Our work enhances the value of the PMC GRN as a general paradigm of developmental GRN architecture and evolution, and extends its utility as an experimental model for elucidating the genetic regulation of morphogenesis. Our ATAC-seq-based mapping of PMC chromatin accessibility complements recent RNA-seq-based cataloguing of genes differentially expressed by PMCs [20, 21] and will support a more comprehensive dissection of this network. The high-throughput identification of CRMs associated with skeletogenic effector genes, including a high-confidence set of PMC CRMs identified by two independent approaches, will allow further experimental dissection of direct regulatory inputs into these effectors through mutational analysis of the CRMs. Our studies also confirm that differential chromatin accessibility by itself is a valuable tool for the high-throughput identification of CRMs in early embryonic cells, as has been shown for several terminally differentiated cell types in adult organisms [46, 47].
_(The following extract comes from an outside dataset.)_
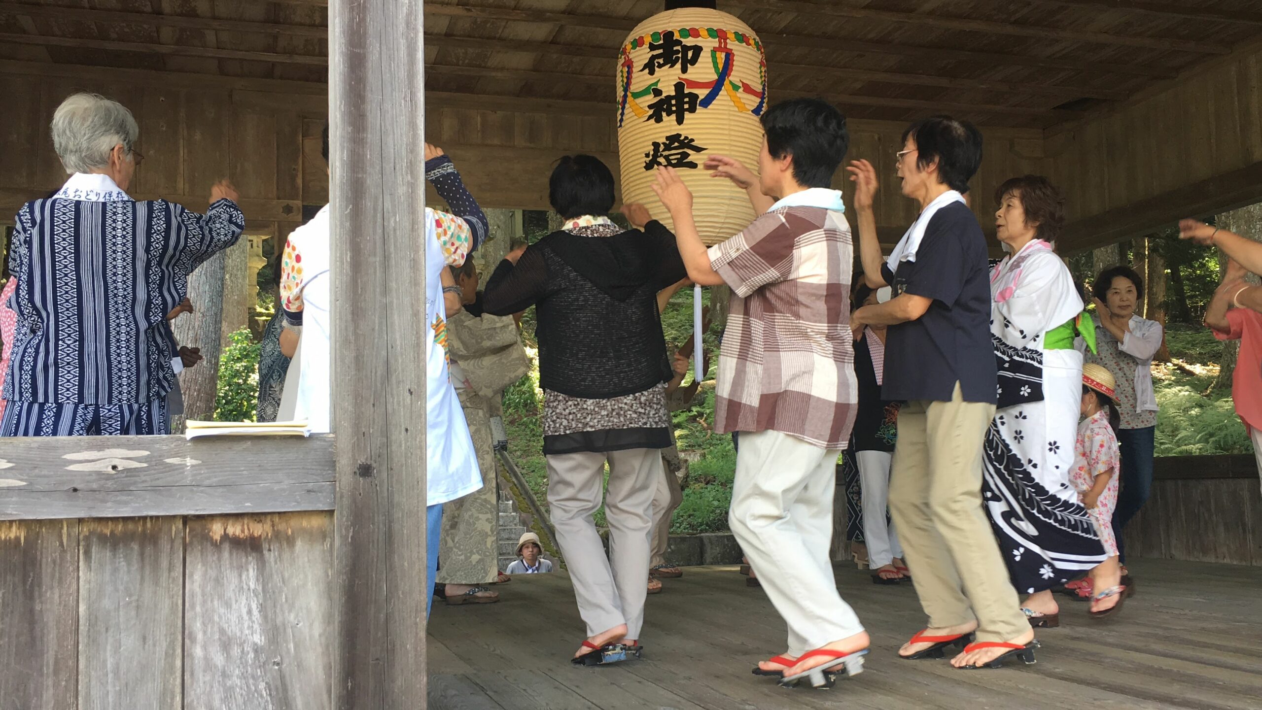 2018年7月。筆者が再び根尾を訪問した際の写真。神社の拝殿でケーブルテレビの撮影が行われ、ご婦人たちが踊った。

A variety of evidence supports the conclusion that differential peaks represent CRMs selectively active in PMCs. First, differential peaks in both the ATAC-seq and DNase-seq datasets were much more likely to lie near genes differentially expressed by PMCs than were other peaks (this was also reflected by the increased tendency of differential peaks to lie near biomineralization genes). Our analysis of the overlapping set of differential peaks showed that they were more likely than other PMC DE genes to be expressed at high levels and to exhibit an expression maximum 24–40 hpf, both characteristic features of many genes differentially expressed by PMCs [21]. Indeed, we confirmed that almost half of the functionally annotated genes within 10 kb of overlapping differential peaks were associated with biomineralization, the unique developmental function of PMCs. We identified many specific examples of differential peaks located near well-characterized effectors of skeletal morphogenesis, including Sp-kirrelL [27], Sp-p16 [23], several spicule matrix and MSP130 family genes [62], and carbonic anhydrase [63]. Significantly, consensus binding sites for Ets1 and Alx1, key transcription factors that provide regulatory inputs into almost half of all genes differentially expressed by PMCs [21], were highly enriched in the set of overlapping differential peaks. Most importantly, a large fraction of differential peaks that we tested experimentally (almost 30%) contained sufficient regulatory information to drive reporter gene expression selectively in PMCs, while none supported expression in other cell types. It is important to note that our reporter assay required that a cloned CRM function in isolation to direct cell type-specific expression; this was a stringent test that would not have detected CRMs that act only to modulate the level or timing of gene expression, CRMs that require interactions with other cis-elements in order to function, or insulators. In addition, our visual assay for reporter gene expression was not a highly sensitive one, and we would not have detected weakly active CRMs.

While differential accessibility is a reliable predictor of PMC CRMs, the converse is not true; i.e., absence of differential signal is not strong evidence that a given region of non-coding DNA lacks regulatory function in PMCs. Of course, some CRMs that regulate ubiquitously expressed genes are likely open in all cell types. Even for those genes differentially expressed by PMCs, as discussed below, it seems likely that many of the relevant CRMs are hypersensitive in non-PMC lineages and this may have reduced our ability to detect such regions. We also carried out our analyses at a single developmental stage (28 hpf), and some PMC CRMs might exhibit maximal differential accessibility earlier or later in embryogenesis.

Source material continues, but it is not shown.